Так она продолжает навязывать мне эту деревянную особу под угрозой доноса? Хорошо!

— Нет, не помню! — резко ответил я и быстро поднялся.

— Разрешите вам пожелать всего хорошего!

Если бы вы видели ее лицо! Оно как живое стоит перед моими глазами…

В этот же вечер я посетил Мэри. Было столько вопросов, накопилось столько негодования. И кому-то назло я не принял никаких предосторожностей.

— Зачем вы рискуете? За вами следят, — встретила меня Мэри.

Я ответил, что не могу выносить такой жизни и готов идти на что угодно. Пусть меня переводят в низший класс:

— Ведь тогда я буду иметь возможность чаще видеться с вами…

Она опустила глаза, и я заметил легкую краску на ее лице. Откровенно рассказав ей обо всем, что мучило меня, я между прочим спросил:

— Зачем эта женщина так некрасиво навязывает мне свою дочь?

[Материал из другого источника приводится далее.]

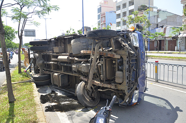 Khi còn cách cầu Chà Và khoảng 200m ( thuộc phường 13, quận 5) xe tải bất ngờ bị nổ lốp đâm vào dải phân cách rồi lao qua làn đường dành cho xe gắn máy và lật ngang.
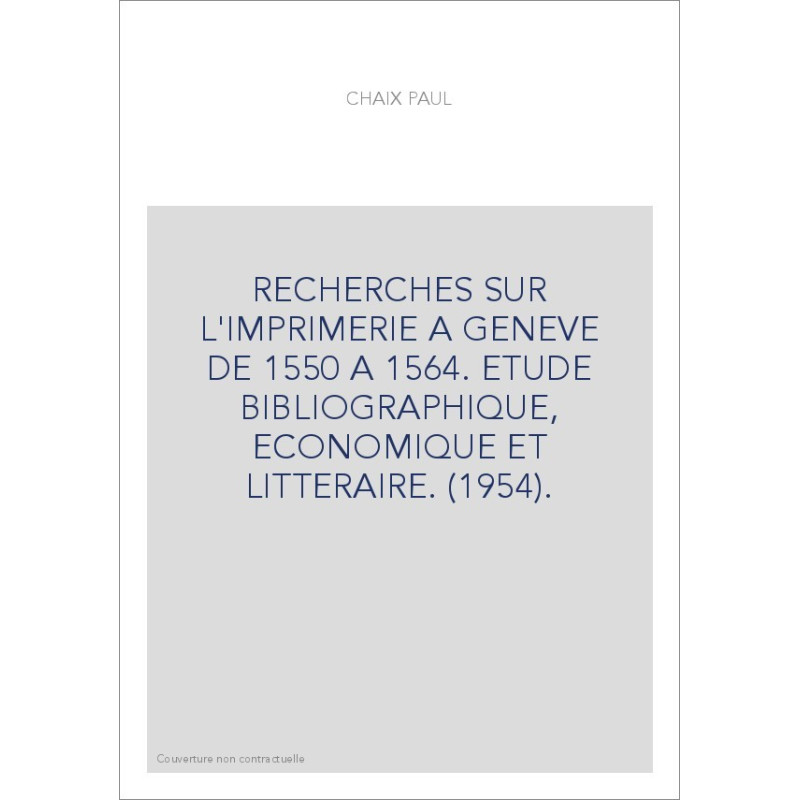 RECHERCHES SUR L'IMPRIMERIE A GENEVE DE 1550 A 1564. ETUDE BIBLIOGRAPHIQUE, ECONOMIQUE ET LITTERAIRE. (1954).
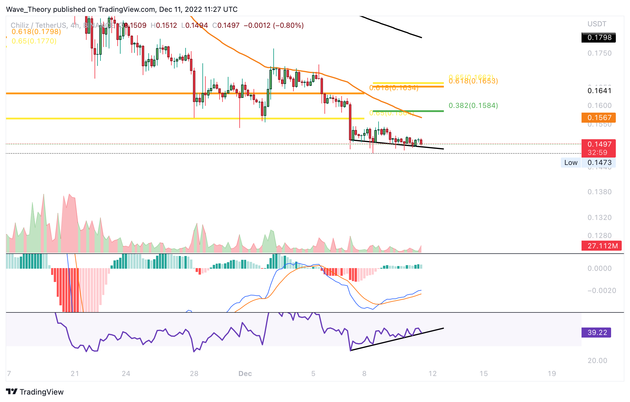 Darüber hinaus sind die MACD Linien bullisch überkreuzt und das Histogramm des MACDs wechselt zwischen bullischen und bärischen Bewegungen. Sollte CHZ noch etwas tiefer fallen, wartet spätestens bei rund 0,145 USD signifikante Unterstützung auf CHZ.
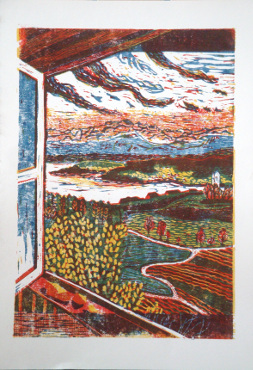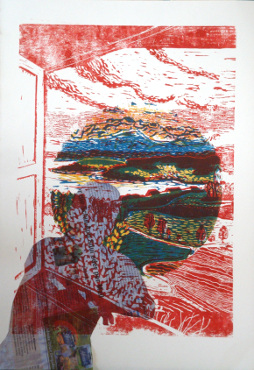 Heimatsanmutungen2, Woodcut 3 Colors, 50x35cm, 2020 |
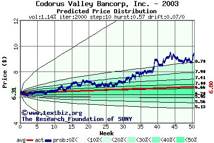 The high to date and low to date prices of the stock plotted against a random walk model for 2003 (what's this?).
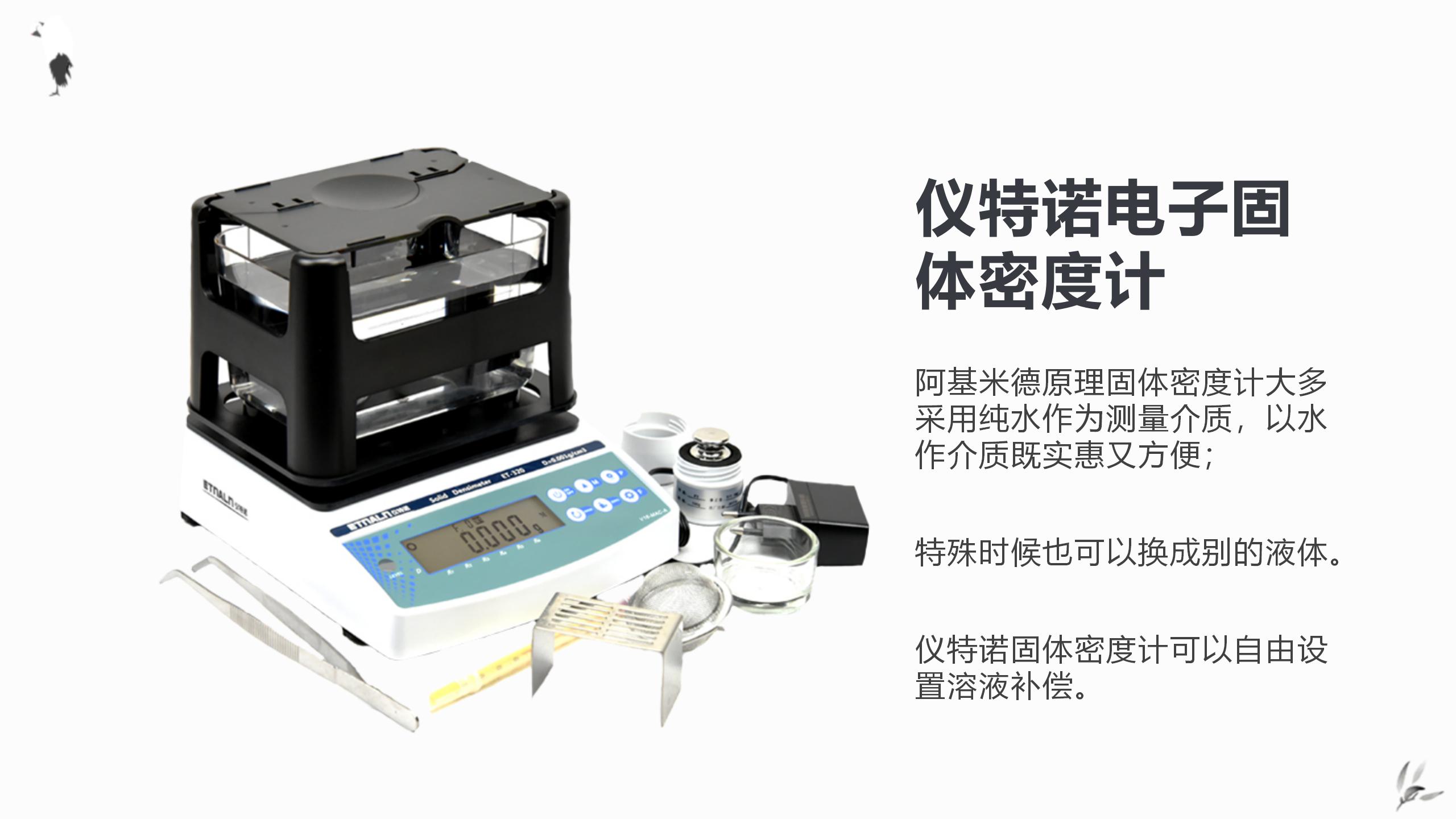 儀特諾固體密度計的其中一個亮點在于,它可以自由設(shè)置溶液補償,更換酒精、硅油等其它介質(zhì)來進行測量,這一設(shè)計為要測試的產(chǎn)品會溶于水的用戶提供了極大的便利。

— Очень просто, — ответила Мэри, — у вас хорошая квартира. Вполне понятно, что она заботится об участи дочери.

Опять новое открытие. В городе нет квартир. Постройка идет слишком медленно, чтобы могло разместиться увеличивающееся население. Молодожены ютятся у родителей, пока специальное учреждение не подыщет им комнатку, освободив одну из квартир, до сих пор занятых так называемой буржуазией. Но этот фонд постепенно иссякает, буржуазия, привыкшая к урезанным жилищным нормам, строит для себя не дома, а клетушки — не вселять же в эти клетушки семейство рабочего? И вот идет борьба за жилищную площадь, борьба, в которой стороны не брезгуют никакими средствами.

— Не проще ли было построить несколько сотен новых домов?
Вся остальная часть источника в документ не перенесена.